Dann sah ich im Fernsehen ein Interview mit Jan Weiler und las zwei seiner Bücher, eines davon war der vorzügliche Krimi Kühn hat zu tun.
Obwohl ich ja den Film gesehen hatte erwarb ich den Roman, weil ich gehört habe, dass dieser viel besser sei als der Film.
Es hat sich gelohnt. Das Buch ist wesentlich differenzierter als der Film. Wer erwartet, dass das ganze Buch sich nur um die manchmal sehr komischen Zusammenstöße zwischen Deutschtum und italienischer Folklore herum amüsiert , wird enttäuscht, denn manchmal direkt, sehr oft zwischen den Zeilen und manchmal im Hintergrund reibt uns Jan Weiler unter die Nase, wie wir leider zu häufig mit unseren“ Fremdarbeiterin“ umgegangen sind und auch heute noch umgehen.

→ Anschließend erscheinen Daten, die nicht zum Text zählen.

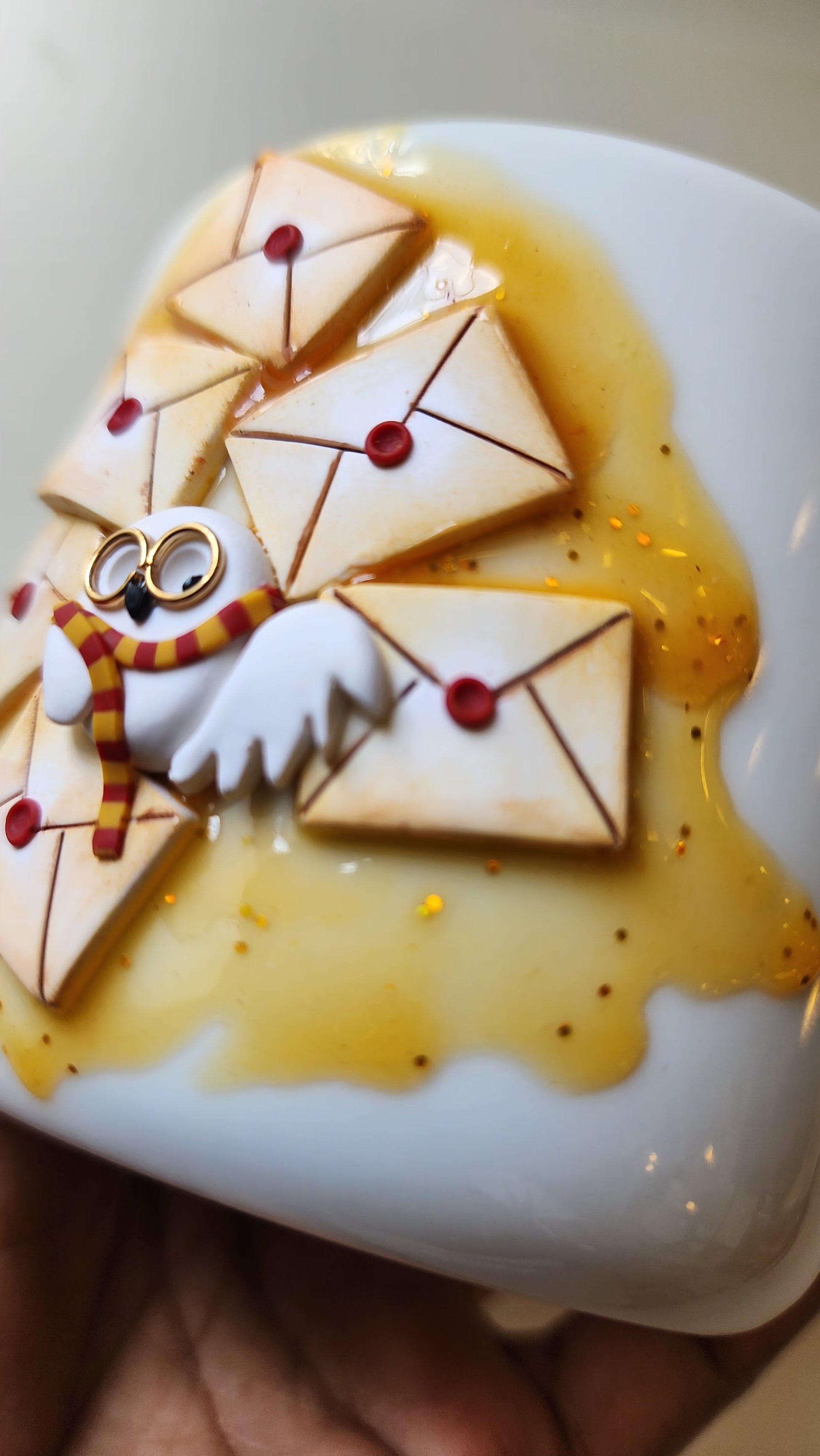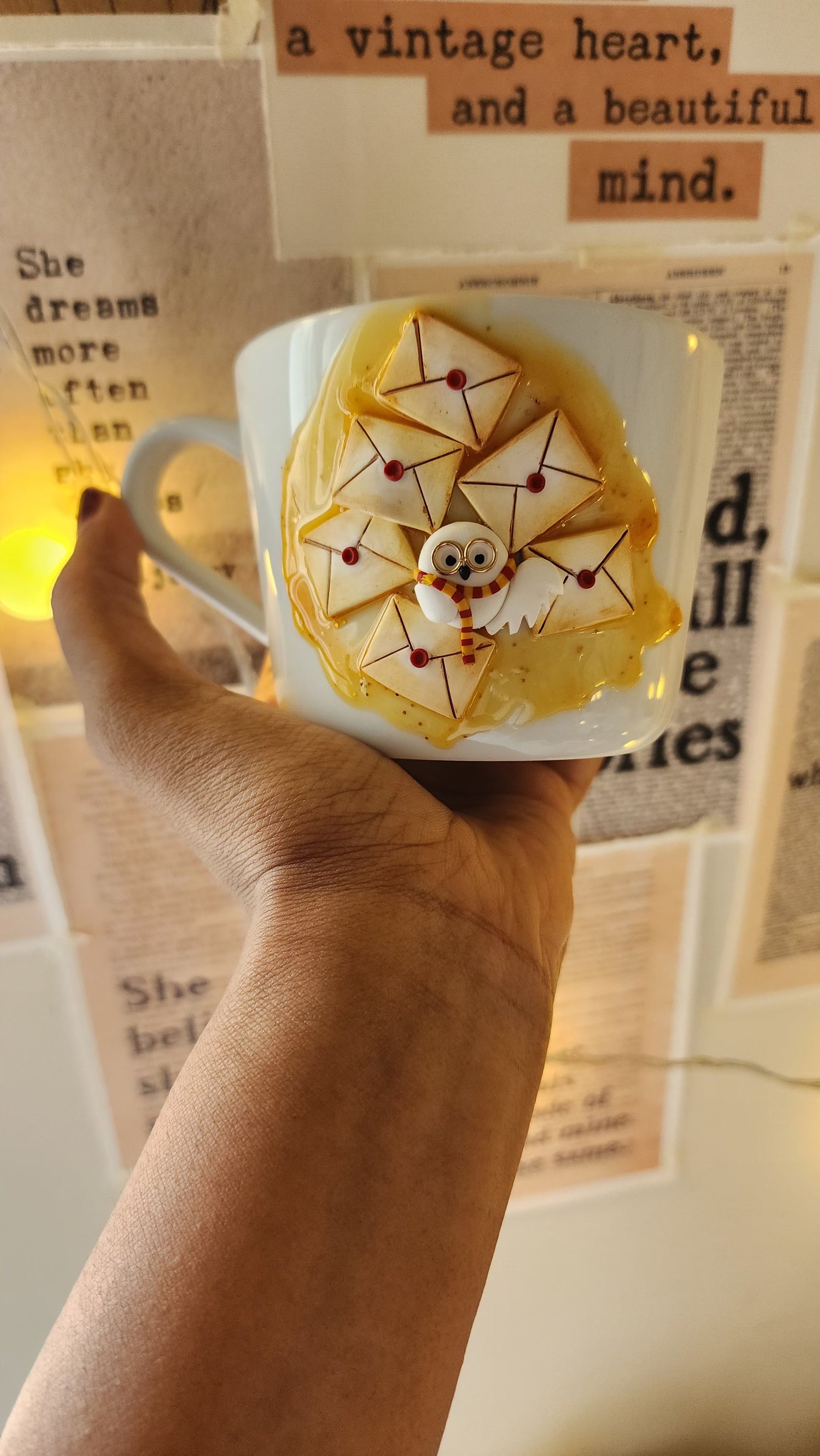 Experience the magic of the wizarding world every time you sip from this Harry Potter inspired Owl Post mug. Handcrafted with intricate detail, the design features Hedwig the snowy owl, wrapped in a Gryffindor scarf, surrounded by stacks of Hogwarts acceptance letters – a scene straight from every Potterhead’s dreams.

Jans Schwiegervater amüsiert uns keineswegs nur mit seiner typischen Aussprache (im Laufe des Buchs stellt sich für mich aus, dass diese nur Tarnung ist) sondern eher erweist sich als ein zäher kleiner Bursche, der mit diesen Besonderheiten deutscher Gastfreundschaft umzugehen gelernt hat.
Ein Buch, das sehr in unsere Zeit passt, die unsere Gastfreundschaft erneut erprobt.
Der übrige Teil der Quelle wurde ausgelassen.